NU Online News Service, Aug. 7, 2003, 12:45 p.m. EDT – Executives at AEGON N.V., The Hague, Netherlands, got tough on annuity buyers during the first half.
The recent low rates have helped the stock market and products linked to the stock market. But the low rates have hurt operations that sell long term disability insurance, long term care insurance, whole life insurance and other products that guarantee minimum levels of benefits for long periods.
The low rates have done the most obvious damage to fixed annuity operations, by cutting insurers’ spreads, or the gaps between the average rates that insurers pay to annuity holders and the average yields that the insurers earn on their own investments.
AEGON says it coped with the drop on its investment yields by cutting fixed annuity crediting rates enough to increase its average spread 0.03 percentage points, to 1.63 percentage points.

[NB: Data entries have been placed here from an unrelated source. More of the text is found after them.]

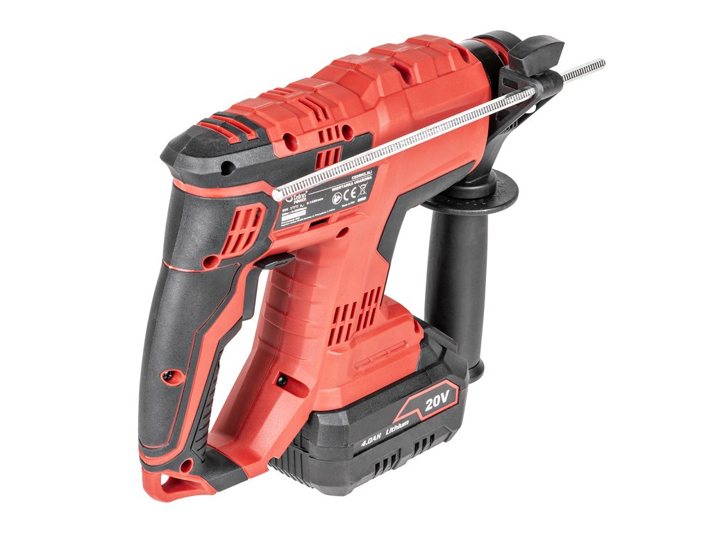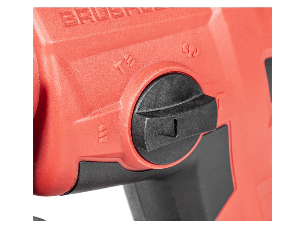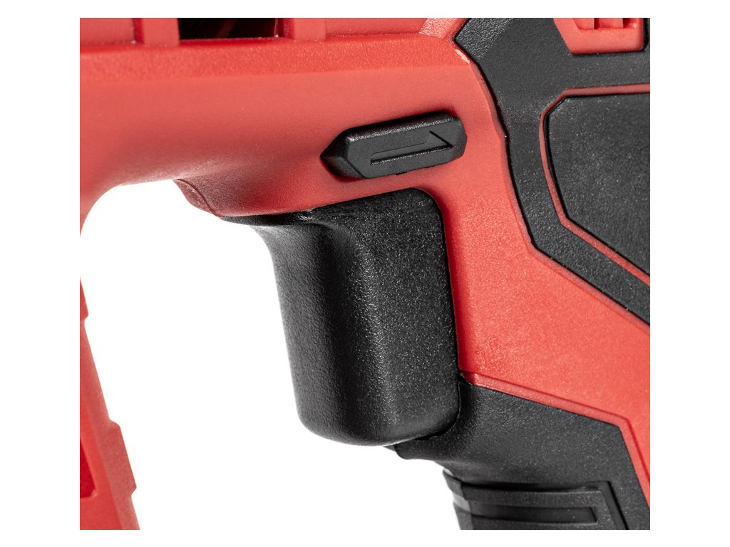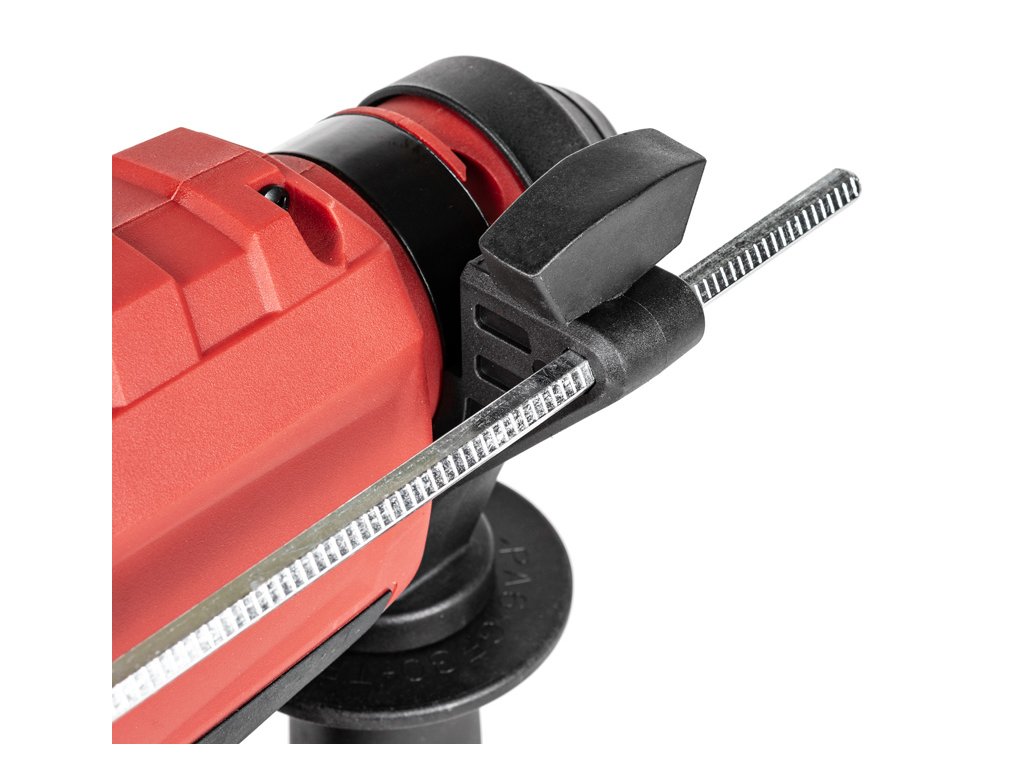 - Vrtačka je vybavena systémem SDS+ pro rychlou výměnu nástrojů, regulací otáček, přepínáním směru otáčení a ochranou proti přetížení. Ergonomický design s otočnou rukojetí o 360°, antivibrační zadní rukojetí a integrovaným LED osvětlením zvyšují komfort a bezpečnost při práci.
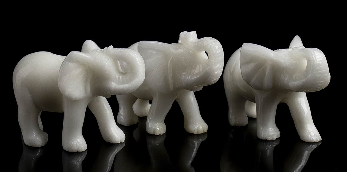raffiguranti elefanti. Dimensioni 8 x 5,5 x 4,5 cm, peso totale 450 gr circa. Stato di conservazione: ***** eccellente.
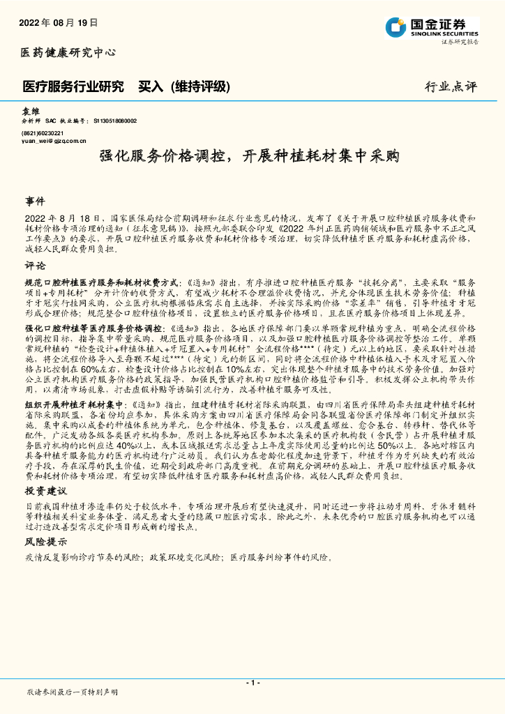 国金证券:医疗服务行业研究:强化服务价格调控,开展种植耗材集中采购.pdf
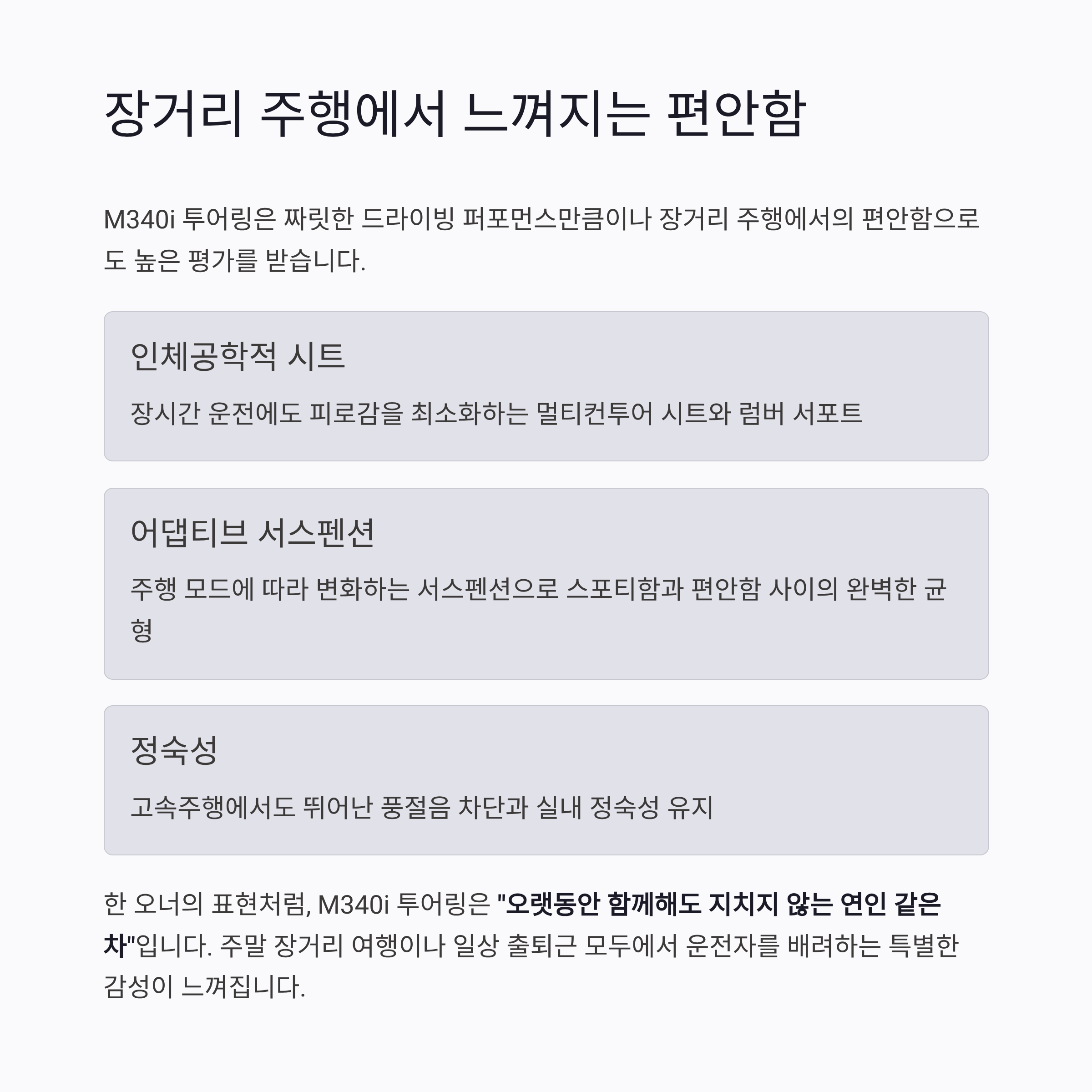 M340i 투어링 역시 첫 만남의 충격적인 감정을 오래도록 간직하게 만듭니다.

Net deposits for variable annuities amounted to $4 billion, up 47% from the second quarter of 2002, but net deposits for fixed annuities fell 51%, to $1.2 billion, AEGON says.
AEGON notes that it also got tough on the guarantees included with variable annuities.
Although variable annuity deposits were much higher during the second quarter than they were during the comparable quarter in 2002, deposits were 46% lower than they were during the first quarter of 2003.
The decrease from the first quarter “is due to the discontinuance of the guaranteed minimum income benefit feature,” AEGON says.
The company as whole is reporting the equivalent of $949 million in net income for the first half on $16 billion in revenue, up from $685 million in net income on $15 billion in revenue for the first half of 2002.
Revenue from the Americans increased 27%, to $752 million.
AEGON computed the U.S. dollar figures in its income statements using an exchange rate of $1=0.905 euros for the 2003 result and an exchange rate of $1=1.114 euros for the 2002 results.